I was attacked at Bloomingdale’s. Not physically, no. Verbally. It all started in December when my neighbors got me a lavish gift card to the department store as a Christmas present. I was so excited to unwrap it; my hands anxiously pulling apart the red, silk ribbons, so eager to see what was inside. I assumed it had to be good; after all they are not exactly stingy when it comes to gift giving.
After all the tissue paper and ribbons were on the floor, there it stood: a shiny silver Bloomingdale’s gift card in an impressive amount. Now, don’t get me wrong, I was happy for even getting a present in the first place, and thanked them endlessly for it. But I was frowning deep inside, because I have no purpose whatsoever for that store, nor any of its contents.
Macy’s has always been my store of choice; I find everything and anything I need in there, and often walk out with a smile as big as Isla Fisher’s in “Shopaholic,” after hitting a good sale. While Bloomingdale’s carries almost the exact same items on its shelves, there is one minor detail distinguishing the store: the price tags. Almost 20 percent higher than Macy’s (and Lord and Taylor for that matter!), Bloomingdale’s idea of a sale is having a Juicy Couture jumpsuit on the clearance rack for $150. Might I add that we are in a very deep recession? Let’s use our heads a little, Bloomies.
So I decided to give the store a try anyways (hey, I wanted to use my gift card!), and wound up feeling like some poor hobo on a New York street corner. I sauntered around the store, going from misses to sunglasses, to purses, then back to misses. Nothing. While I enjoy going to the mall, I wouldn’t say I live for it.
I then found some really cute Coach sunglasses but found out I had to add an additional $50 on top of my gift card. I politely said “no, thank you” to the sales girl helping me.
“I’m not paying an additional $50 out of my own pocket for sunglasses that chances are will get sat on or lost at the beach,” I laughed, to which she managed a small chuckle.
I sauntered over to the dress section, thinking perhaps I would find something for a night out with some friends. When I picked out a beautiful yet practical black dress, I noticed a sales sign gleaming overhead. “Yes - finally something good in this hell hole,” I thought to myself! I made my way to the nearby register to inquire about the sales price before I wasted my time trying it on.
“Oh no, someone must have put that back on the wrong rack. This one is not for sale, just the others are,” the saleswoman said. Fantastic. Then I got a bright idea.
I could always use new makeup, so I made my way over to the Clinique counter. The woman at the counter was in her early thirties, heavily made up, and on the phone gabbing away as I browsed the glass countertops. Eye shadow, check. Blush, check. Powder? Maybe.

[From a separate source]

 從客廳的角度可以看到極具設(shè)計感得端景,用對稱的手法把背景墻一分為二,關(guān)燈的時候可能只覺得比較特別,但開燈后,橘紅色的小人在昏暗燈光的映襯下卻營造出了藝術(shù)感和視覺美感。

After deciding I definitely wanted eye shadow I asked her opinion on which color to get. “I don’t wear a lot of makeup, so I would like something natural,” I said. “Nothing too clownish,” I added for emphasis.
She smirked at me and told me purple would look nice, because I have green eyes. I asked her for a tissue (after I used the tester to put some on) to wipe the excess color off my hands to which she pointed to the box a few counters over and said, “It’s over there.”

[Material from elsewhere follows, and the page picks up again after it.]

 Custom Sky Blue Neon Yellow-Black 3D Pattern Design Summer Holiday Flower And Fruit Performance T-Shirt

Are your hands broken? I wanted to say. So I went over and got myself a tissue and told her I also was thinking about lip gloss. “Would you say it’s sticky?” I asked her. “I donno…not really?” was the response I got.
I decided to skip the lip gloss altogether but refused to walk out of there without using up my entire gift card. So I inquired about powder, to which the real icing on the cake moment came. After putting my face under a blinding light and looking at me in a mirror, she remarked that I “had a face full of dead skin, and powder would do me no good.” What I needed, was an exfoliating cleanser. “Do you even have one of those? Because if not, you need one,” she commented.
After getting hot in the face, I replied quietly, “Well I go to the dermatologist twice a month and use a mask twice a week, so I can’t possibly have any dead skin.” Especially not all the kinds you’re talking about, I wanted to scream. She looked at me and I swear, raised her eyebrows, while continuing on about her stupid mask that her stupid counter in her stupid store, carried.
“We have a mild one, a medium one, and a strong one, but for you, I would definitely say to go with the strong one.” I looked her square in the eye and said, “It all depends on the cost, because I am not going over the amount on that gift card, nor am I paying more than $25 for a silly cleanser.”
Turns out it was $17; still more than I would have preferred but it worked out perfectly with the eye shadow and I ended up breaking even with my gift card. Thanks, I said as I walked out of Bloomingdale’s feeling more awkward that I had felt since middle school. That eye shadow had better look good, I told myself.